The manager's role is different here than in a manager-employee conflict: The manager can and should be a neutral party. This does not mean carrying messages between the parties, but setting a framework within which they themselves take the conversation. As a general rule: Individual conversations first, then a structured joint conversation, and a concrete agreement on how to achieve constructive interaction - with an agreed follow-up in the calendar.

If not handled early, the conflict can spread. Others choose sides – camps are formed. When this happens, the issue is no longer a matter between two people – it has become a work environment issue, and the manager must deal with both the conflict itself and the ripple effects it has created.
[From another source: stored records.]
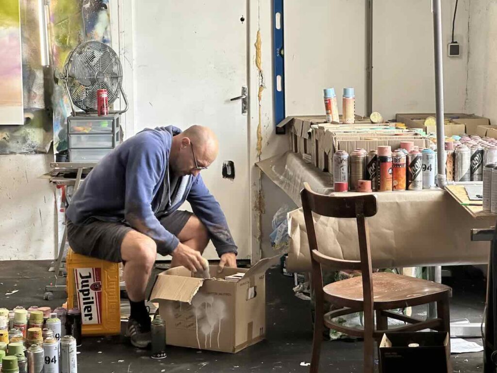 Quand nous l’avions rencontré pour la première fois il y a un an, il venait tout juste d’arriver à Marseille, ville dans laquelle il avait décidé de s’installer. Bien sûr le décor était plus vallonné et le ciel plus bleu que dans le plat pays de son enfance, mais il y découvrait beaucoup de similitude avec Liège, sa ville de cœur. Nous l’avons retrouvé dans cet ancien moulin du 13ème arrondissement où il a déballé bombes, toiles et châssis pour faire le bilan de plus d’un an de rencontres, de découvertes et d’inspiration au sud. Dans bordel organisé qu’il promet d’organiser au fil du temps, il s’affairait à terminer les dernières toiles de sa nouvelle série « Vortex chromatique » qui seront exposées à la galerie Diego Escobar qui le représente. Ou comment parler de Turner, Apéro, IA et paddle dans une même conversation…
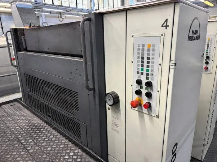 ماكينة مان رولاند R705 LV UV Hybrid موديل 2002 هي ماكينة أوفست شيت فيد 5 ألوان بمقاس كبير 104 × 74 سم، مصممة لطباعة الباكجنج والتطبيقات بنظام UV Hybrid. مزودة بنظام لمبات UV ARADIANT، ووحدة طلاء TRESU، ومجفف IR وهواء ساخن، ومغذي وتسليم Non-Stop، ونظام تحكم RCI متطور. خيار قوي لمصانع علب الكرتون ومطابع الباكجنج
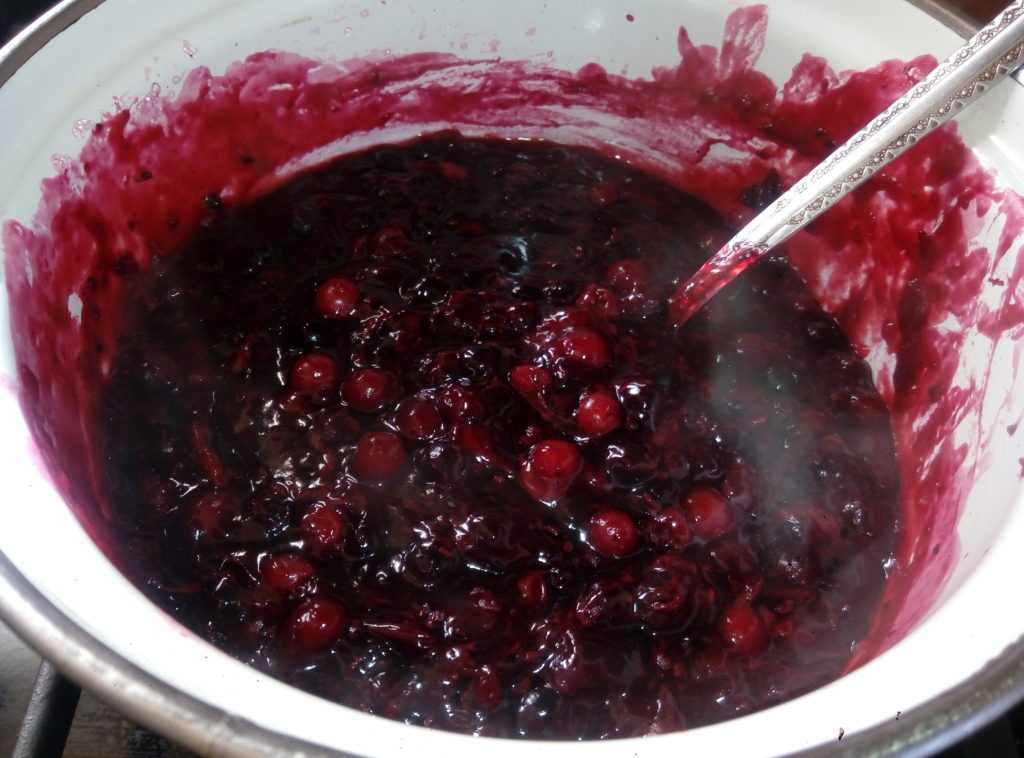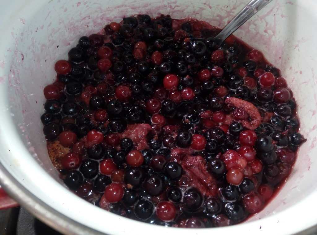 Начинка у нас должна получиться такой, что – бы и желеобразная масса была, и целенькие ягодки попадались. Поэтому варить ее долго не нужно. Все делается достаточно быстро.

That is usually the time for external assistance.

Four principles: Early, clear, respect and openness

Good conflict management rests on four simple principles that are equally relevant for the manager, for HR and for the external consultant.

  • Early. That means not overreacting to every disagreement, but responding when the signals appear. The informal conversation is the most important tool a leader has, and costs minimal time compared to what it costs to not have it.
  • Clear. One pitfall as a leader is to wrap the message in so many caveats that it disappears. People can tolerate more clarity than we think. What they can’t tolerate is being left to guess. Be specific about what you’ve observed, what’s not working, and what you expect going forward. Put agreements in writing. A “we agreed on something – I’m not quite sure what” is rarely a good starting point for further work.
  • With respect. Clearly state that something is not right, but make sure not to attack the person. Separate behavior from person. Listen to understand, not to respond. Only those who experience feeling heard are able to open up and receive a message. What we react strongly to is not being corrected – but being corrected without experiencing that we are seen, understood and respected.
  • With transparency. Those involved must be informed about what steps are being taken when. It is important that there is no experience of a blind process, or that things are decided over their heads. Be clear about agreements along the way so that no one is surprised – everything should be predictable. “Informed people are happy people.”

These four principles apply even when the leader is involved in the conflict, or when multiple parties are pulling in different directions at the same time. They are easy to understand, yet challenging to practice when the temperature rises.

The difficult conversation

The difficult conversation is the one you dread. The one you’ve been putting off for too long. The one that’s about more than just one issue: about attitudes, performance, interaction – or that something needs to change. It could be feedback about unacceptable behavior, a conversation about failing performance, a notice of a change in responsibility, or an opening of a conflict that’s been simmering for a while. What they have in common is that they touch on the relationship, not just the task – and that they activate both your and the employee’s emotions.

That's exactly why we wait. We fear the reaction. We think it will resolve itself. We wrap it up so much that the message disappears, and we leave the meeting with a vague feeling that it's still not done. But the discomfort of taking the call is almost always less than the discomfort of not taking it – both for you and for the other person. Take it, the sooner the better. This is preventive if taken in time.

When can you handle the conflict yourself – and when do you need outside help?

When the leader is no longer or is perceived to be neutral, you should seek outside assistance. When the relationship is damaged, both parties look for signals about whose side the leader “really” takes. A leader who attempts to mediate in an escalating issue often ends up as one of the parties to the conflict himself – and the process can, at worst, reinforce the coalition formation it was intended to counteract.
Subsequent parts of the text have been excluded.